- **WHAT THE TASK ASKS**: Transcribe, leaving out every picture, the lines that run from the start of the listing below through the line with "MODE D'EMPLOI CLICK AND MIX MOULINEX".

- **RECORD EXCERPTS**:
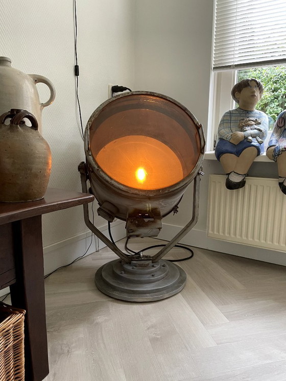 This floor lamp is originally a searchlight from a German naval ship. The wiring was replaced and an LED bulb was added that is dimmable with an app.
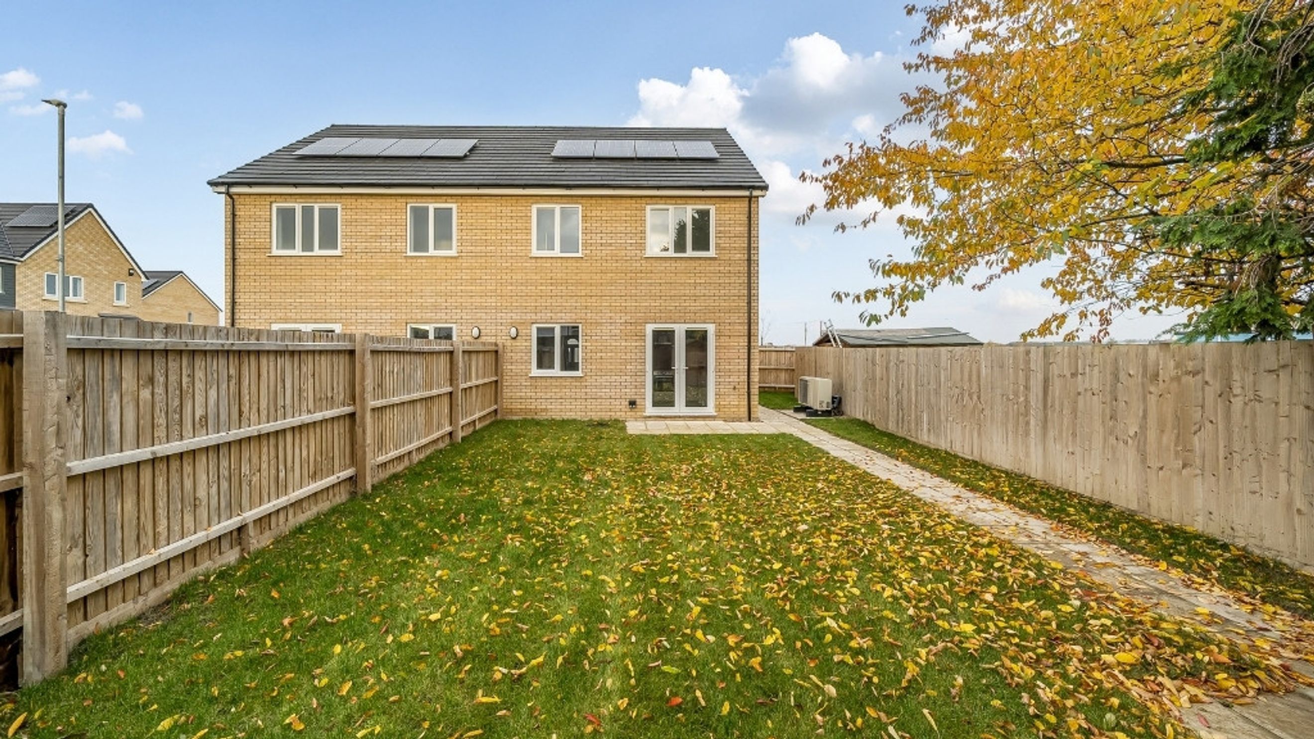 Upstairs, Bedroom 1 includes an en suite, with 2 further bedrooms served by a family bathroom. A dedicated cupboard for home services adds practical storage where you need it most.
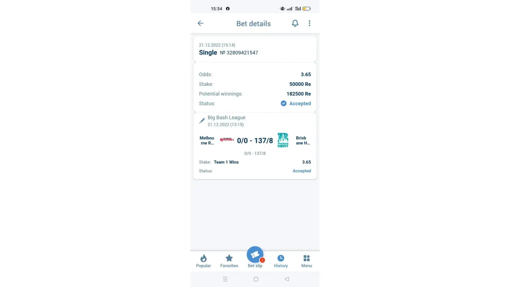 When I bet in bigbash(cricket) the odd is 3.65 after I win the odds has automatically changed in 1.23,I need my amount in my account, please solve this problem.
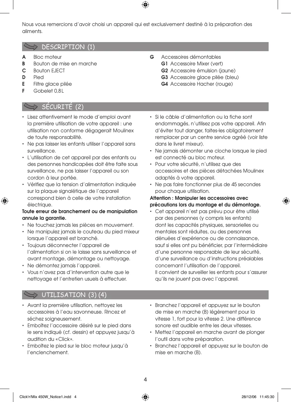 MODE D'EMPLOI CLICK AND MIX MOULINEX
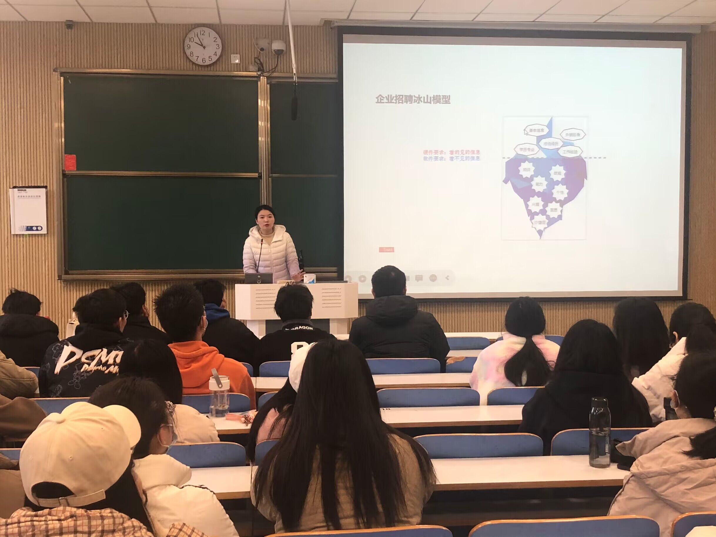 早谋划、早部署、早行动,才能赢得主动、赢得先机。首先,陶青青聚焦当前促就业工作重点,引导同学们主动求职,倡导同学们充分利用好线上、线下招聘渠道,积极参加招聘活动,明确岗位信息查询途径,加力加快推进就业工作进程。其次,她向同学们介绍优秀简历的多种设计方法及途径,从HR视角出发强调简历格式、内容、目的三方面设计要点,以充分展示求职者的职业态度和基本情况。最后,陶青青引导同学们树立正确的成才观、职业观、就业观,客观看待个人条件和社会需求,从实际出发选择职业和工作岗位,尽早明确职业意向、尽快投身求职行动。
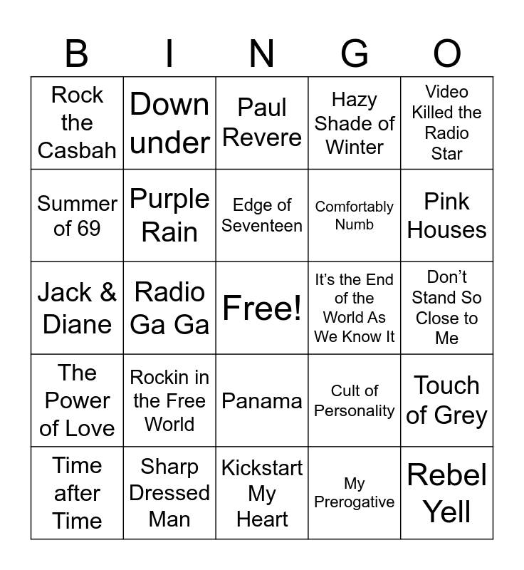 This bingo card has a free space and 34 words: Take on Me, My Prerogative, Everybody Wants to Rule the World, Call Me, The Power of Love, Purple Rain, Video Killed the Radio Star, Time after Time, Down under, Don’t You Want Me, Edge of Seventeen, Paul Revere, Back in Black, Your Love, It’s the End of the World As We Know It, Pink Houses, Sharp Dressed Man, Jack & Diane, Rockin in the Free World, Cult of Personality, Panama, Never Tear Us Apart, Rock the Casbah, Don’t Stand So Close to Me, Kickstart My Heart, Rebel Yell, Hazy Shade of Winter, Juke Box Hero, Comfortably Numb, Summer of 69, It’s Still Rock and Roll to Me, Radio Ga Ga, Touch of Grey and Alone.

- **TASK RESPONSE**:
 This floor lamp is originally a searchlight from a German naval ship. The wiring was replaced and an LED bulb was added that is dimmable with an app.
 Upstairs, Bedroom 1 includes an en suite, with 2 further bedrooms served by a family bathroom. A dedicated cupboard for home services adds practical storage where you need it most.
 When I bet in bigbash(cricket) the odd is 3.65 after I win the odds has automatically changed in 1.23,I need my amount in my account, please solve this problem.
 MODE D'EMPLOI CLICK AND MIX MOULINEX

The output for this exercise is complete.